__Task goal__: Give again, exactly as written, the lines of the records below from the line with "Our column skirt" to the line with "DIN931粗桿半牙外六角螺絲GB5782". Both end lines count; pictures do not.

__Given data__:
-----

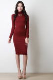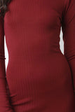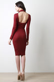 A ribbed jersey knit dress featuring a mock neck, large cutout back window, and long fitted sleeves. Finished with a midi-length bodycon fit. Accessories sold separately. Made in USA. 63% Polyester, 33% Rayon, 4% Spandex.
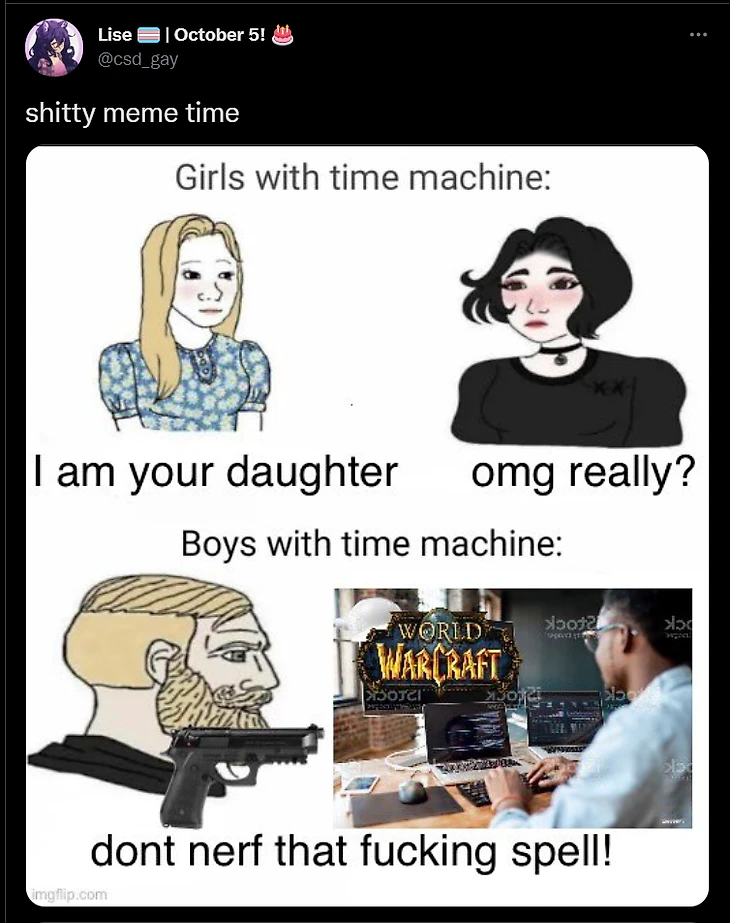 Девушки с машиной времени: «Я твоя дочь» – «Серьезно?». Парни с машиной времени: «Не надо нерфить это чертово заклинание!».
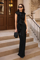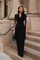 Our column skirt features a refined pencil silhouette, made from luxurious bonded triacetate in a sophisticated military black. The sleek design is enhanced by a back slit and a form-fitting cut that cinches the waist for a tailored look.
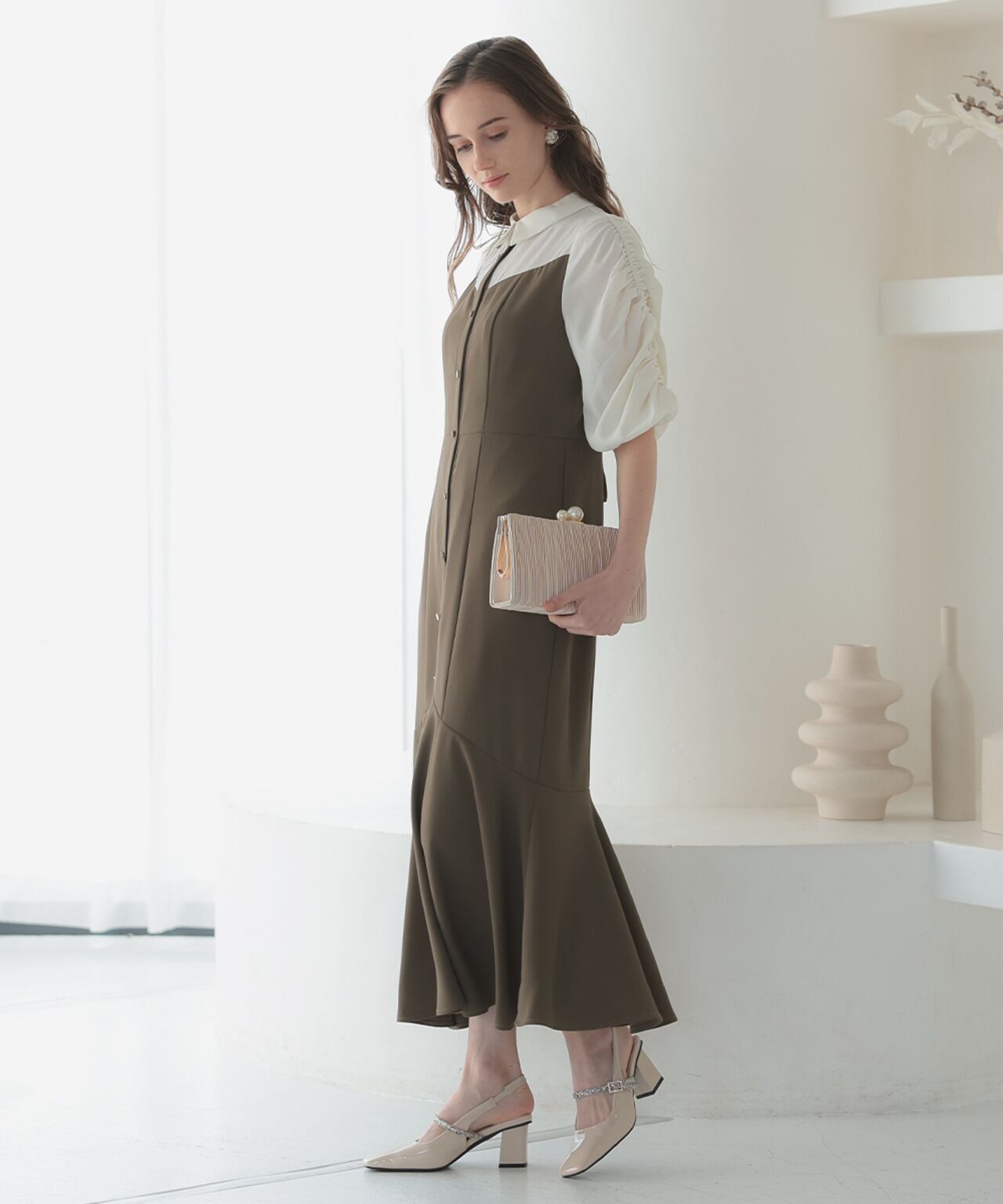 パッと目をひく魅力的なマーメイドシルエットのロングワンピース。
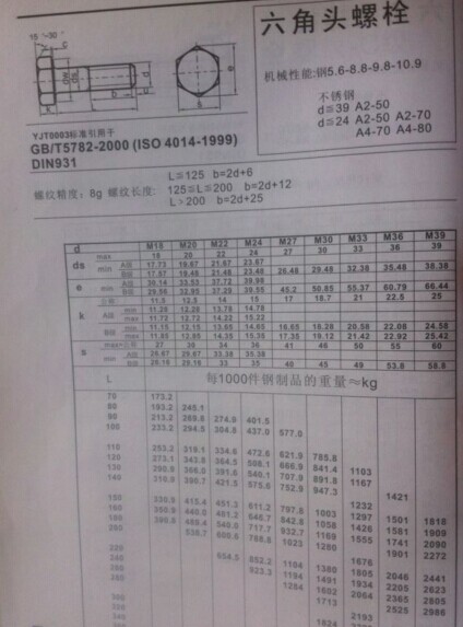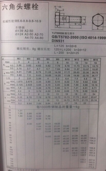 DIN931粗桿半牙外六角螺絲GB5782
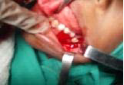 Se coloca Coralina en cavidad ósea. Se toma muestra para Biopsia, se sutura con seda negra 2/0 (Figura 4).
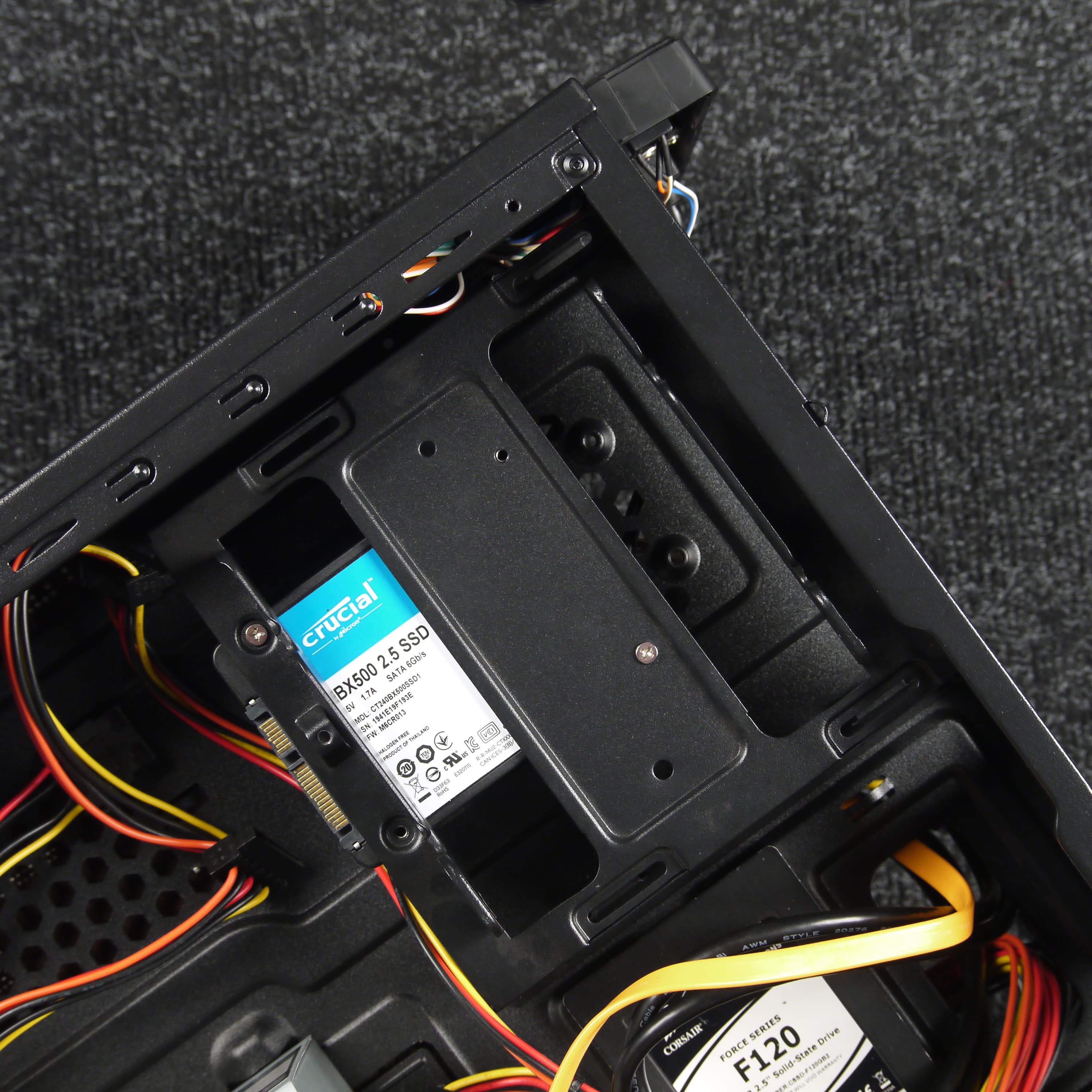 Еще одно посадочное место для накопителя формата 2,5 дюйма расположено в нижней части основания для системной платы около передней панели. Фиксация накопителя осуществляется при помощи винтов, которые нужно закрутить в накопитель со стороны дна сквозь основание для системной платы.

-----

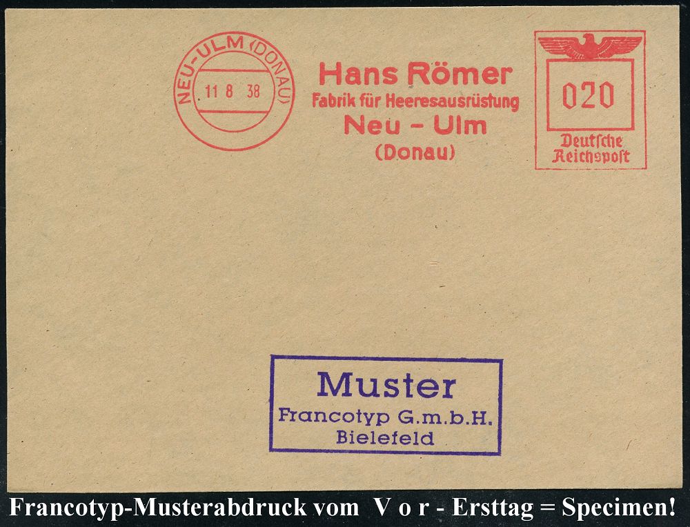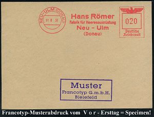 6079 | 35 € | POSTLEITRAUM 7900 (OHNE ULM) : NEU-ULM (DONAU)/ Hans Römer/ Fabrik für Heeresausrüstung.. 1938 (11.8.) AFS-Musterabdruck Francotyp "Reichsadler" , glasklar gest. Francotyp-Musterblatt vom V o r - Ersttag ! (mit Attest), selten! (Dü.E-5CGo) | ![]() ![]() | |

-----

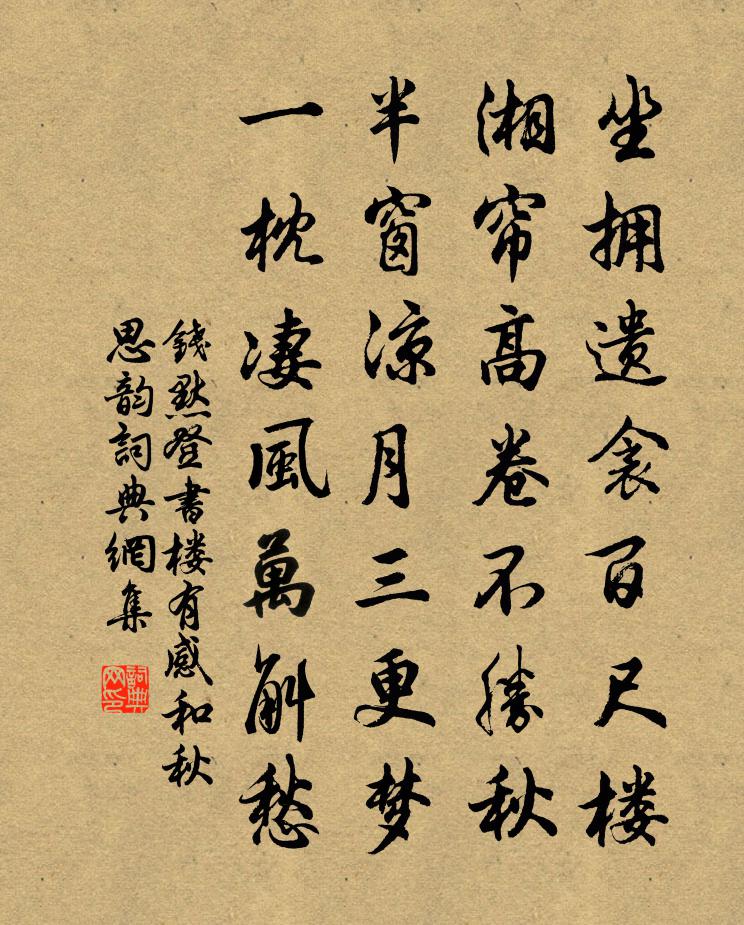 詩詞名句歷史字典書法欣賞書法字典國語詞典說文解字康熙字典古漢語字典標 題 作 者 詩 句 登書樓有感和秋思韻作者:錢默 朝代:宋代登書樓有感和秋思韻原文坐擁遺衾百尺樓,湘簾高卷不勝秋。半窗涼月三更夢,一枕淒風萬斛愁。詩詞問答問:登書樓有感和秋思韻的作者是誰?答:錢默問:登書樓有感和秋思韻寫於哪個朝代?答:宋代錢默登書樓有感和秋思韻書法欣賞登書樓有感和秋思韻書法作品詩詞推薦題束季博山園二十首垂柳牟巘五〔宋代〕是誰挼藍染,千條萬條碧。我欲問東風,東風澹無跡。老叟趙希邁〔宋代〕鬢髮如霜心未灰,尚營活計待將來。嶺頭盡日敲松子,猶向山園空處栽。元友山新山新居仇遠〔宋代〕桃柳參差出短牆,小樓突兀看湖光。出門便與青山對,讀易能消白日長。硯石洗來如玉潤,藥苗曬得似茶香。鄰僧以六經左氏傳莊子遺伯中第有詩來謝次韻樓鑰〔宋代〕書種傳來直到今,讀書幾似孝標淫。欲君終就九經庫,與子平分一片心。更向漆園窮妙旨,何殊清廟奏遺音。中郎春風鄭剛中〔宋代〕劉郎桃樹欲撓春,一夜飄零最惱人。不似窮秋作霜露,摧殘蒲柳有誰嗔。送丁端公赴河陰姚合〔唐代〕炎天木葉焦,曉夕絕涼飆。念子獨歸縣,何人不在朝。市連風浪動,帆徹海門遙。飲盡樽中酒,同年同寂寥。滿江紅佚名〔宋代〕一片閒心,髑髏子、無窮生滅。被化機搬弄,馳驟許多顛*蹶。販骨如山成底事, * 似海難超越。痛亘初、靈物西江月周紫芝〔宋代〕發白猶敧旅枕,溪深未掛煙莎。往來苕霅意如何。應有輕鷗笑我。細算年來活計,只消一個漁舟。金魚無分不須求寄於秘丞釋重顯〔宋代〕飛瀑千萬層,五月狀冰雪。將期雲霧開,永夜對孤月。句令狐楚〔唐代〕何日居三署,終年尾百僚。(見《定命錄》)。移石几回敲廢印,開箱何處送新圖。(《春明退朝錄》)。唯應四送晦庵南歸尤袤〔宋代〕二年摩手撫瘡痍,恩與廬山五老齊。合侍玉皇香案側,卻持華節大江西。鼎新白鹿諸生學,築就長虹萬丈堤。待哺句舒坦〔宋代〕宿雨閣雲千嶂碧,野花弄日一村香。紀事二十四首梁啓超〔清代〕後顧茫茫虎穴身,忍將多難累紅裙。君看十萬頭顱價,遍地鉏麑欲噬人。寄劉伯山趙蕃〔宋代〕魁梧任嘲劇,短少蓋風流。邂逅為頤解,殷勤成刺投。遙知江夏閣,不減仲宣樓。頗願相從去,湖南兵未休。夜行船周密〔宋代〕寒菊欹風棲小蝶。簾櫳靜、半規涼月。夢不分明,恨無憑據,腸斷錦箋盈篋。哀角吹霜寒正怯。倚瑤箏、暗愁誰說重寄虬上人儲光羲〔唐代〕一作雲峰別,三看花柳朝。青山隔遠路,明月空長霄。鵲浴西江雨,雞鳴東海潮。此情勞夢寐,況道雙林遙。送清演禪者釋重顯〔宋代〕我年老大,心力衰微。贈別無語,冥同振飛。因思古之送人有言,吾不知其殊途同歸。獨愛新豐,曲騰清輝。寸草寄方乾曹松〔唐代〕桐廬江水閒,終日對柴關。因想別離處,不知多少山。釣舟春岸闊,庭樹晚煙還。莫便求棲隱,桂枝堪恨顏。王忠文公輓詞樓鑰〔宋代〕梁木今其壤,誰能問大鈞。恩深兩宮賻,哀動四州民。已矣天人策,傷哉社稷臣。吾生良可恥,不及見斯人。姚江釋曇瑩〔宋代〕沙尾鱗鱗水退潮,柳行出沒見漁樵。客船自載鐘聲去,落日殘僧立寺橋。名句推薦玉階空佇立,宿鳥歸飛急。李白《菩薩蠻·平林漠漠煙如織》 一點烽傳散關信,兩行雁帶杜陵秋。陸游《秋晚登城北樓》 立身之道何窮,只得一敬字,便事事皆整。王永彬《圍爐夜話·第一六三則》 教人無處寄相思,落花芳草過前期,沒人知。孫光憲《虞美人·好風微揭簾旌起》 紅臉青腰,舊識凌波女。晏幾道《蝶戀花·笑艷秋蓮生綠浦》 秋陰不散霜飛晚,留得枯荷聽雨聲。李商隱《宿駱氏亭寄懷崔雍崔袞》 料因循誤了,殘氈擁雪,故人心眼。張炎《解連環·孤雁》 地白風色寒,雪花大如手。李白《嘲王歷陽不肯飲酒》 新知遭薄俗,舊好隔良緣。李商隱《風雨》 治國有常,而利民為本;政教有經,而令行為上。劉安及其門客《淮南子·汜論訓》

-----

__Answer__:
 Our column skirt features a refined pencil silhouette, made from luxurious bonded triacetate in a sophisticated military black. The sleek design is enhanced by a back slit and a form-fitting cut that cinches the waist for a tailored look.
 パッと目をひく魅力的なマーメイドシルエットのロングワンピース。
 DIN931粗桿半牙外六角螺絲GB5782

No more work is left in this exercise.